Das ist ein Hammer: Der Goslarer SC 08, als Viertletzter einer der Hauptkonkurrenten des VfR Neumünster im Abstiegskampf der Fußball-Regionalliga Nord, wird den Trainingsbetrieb ab kommendem Montag einstellen. Dann wird bei den Kaiserstädtern nur noch auf freiwilliger Basis trainiert, lediglich die vertraglich geschuldete Abwicklung der Pflichtspiele wird noch verlangt. Auch einige Spieler der Goslarer Reserve (Landesliga) sind davon betroffen. In einer Pressemitteilung und einem Brief an Eugen Gehlenborg, den Präsidenten des Norddeutschen Fußball-Verbandes, führt der GSC die Einführung des Mindestlohngesetzes zum 1. Januar dieses Jahres als Begründung an.

„Das Gesetz ist für Vereine und Verbände nicht umsetzbar. Die Risiken sind unübersehbar“, heißt es in dem Schreiben, das Folkert Bruns, Vorsitzender des GSC-Wirtschaftsbeirats, unterzeichnet hat. Gemeinsam mit dem Vereinsvorsitzenden Ralf Clavey hat er ferner einen Fragenkatalog zusammengestellt, der eine Lawine im deutschen Sport auslösen könnte. Betroffen sind schließlich auch alle anderen auf vergleichbarer Ebene angesiedelte Sportarten und Clubs. Tenor in diesem Schreiben ist die wiederkehrende Frage, wie eine Arbeitsstunde eines Vertragsfußballers denn wirklich aussähe. Nachstehend einige Beispiele, die von Goslar angeführt werden: „Wann beginnt das Training? Mit Betreten der Clubanlage, mit Beginn des Umkleidens oder mit Betreten des Trainingsplatzes?“ „Gehört die Videoanalyse nach dem Spiel zur Arbeitszeit?“ „Ist die Zeit nach einem Feldverweis eines Spielers Arbeitszeit?“ „Sind vom Verein angeordnete Pflichtveranstaltungen, wie Repräsentationen bei Sponsoren, Arbeitszeiten?“

„Wir sind zu dem Schluss gekommen, dass ein Spielbetrieb unter den gegebenen Voraussetzungen in Zukunft nicht mehr möglich sein wird, wenn sich die Gesetzeslage nicht grundlegend verändert“, schreiben die Goslarer Funktionäre. Ferner listen sie ein Rechenbeispiel auf, in dem ein Verein mit einem 30-köpfigen Spielerkader wegen einer nachträglich festgestellten Überschreitung der 450-Euro-Grenze – wegen Fehleinschätzung beziehungsweise unklarer Definition von Arbeitszeiten – für drei Jahre Beiträge unter anderem zur Sozialversicherung, Krankenkasse und Berufsgenossenschaft nachzuzahlen hat (inklusive Verzugszinsen und zu erwartenden Bußgeldern). „Ein Gesamtschaden durch eine solche Fehleinschätzung von Arbeitszeiten kann in unserem Beispiel einen Schaden für den  Verein in Höhe von 481 694 Euro bedeuten. Für derlei Nachzahlungsbeträge haftet letztlich der Arbeitgeber beziehungsweise der Vorstand des Vereins persönlich“, machen die GSC-Bosse klar. Aktuell erhalten bei den Kaiserstädtern alle Vertragsspieler Zahlungen im gesetzlichen Bereich eines Minijobs (bis 450 Euro pro Monat).
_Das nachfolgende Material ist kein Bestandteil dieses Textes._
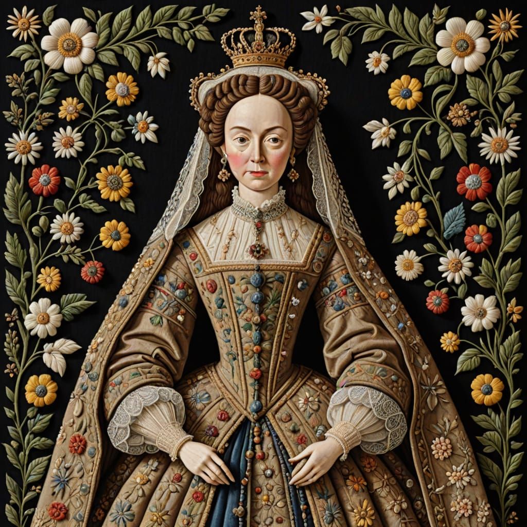 This image depicts a heavily embroidered stumpwork picture of a queen. The artwork evokes the style and techniques of 17th-century embroidery.
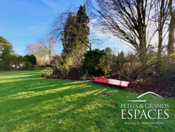Chauffage central gaz de ville (chaudière De Dietrich, sous contrat d'entretien). Sous-sol complet et extérieurs : Le sous-sol sain comprend un garage pour trois véhicules, une chaufferie et quatre caves. À l'extérieur, le terrain paysagé propose :

Ob der Goslarer SC 08 eine Lizenz für die Regionalliga 2015/16 beantragen wird, sei nach aktuellem Stand offen. „Das können wir erst Mitte März 2015 entscheiden“, heißt es in Bruns’ Schreiben. Zumindest solle, so der Funktionär, der laufende Spielbetrieb bis zum Saisonende aufrechterhalten werden.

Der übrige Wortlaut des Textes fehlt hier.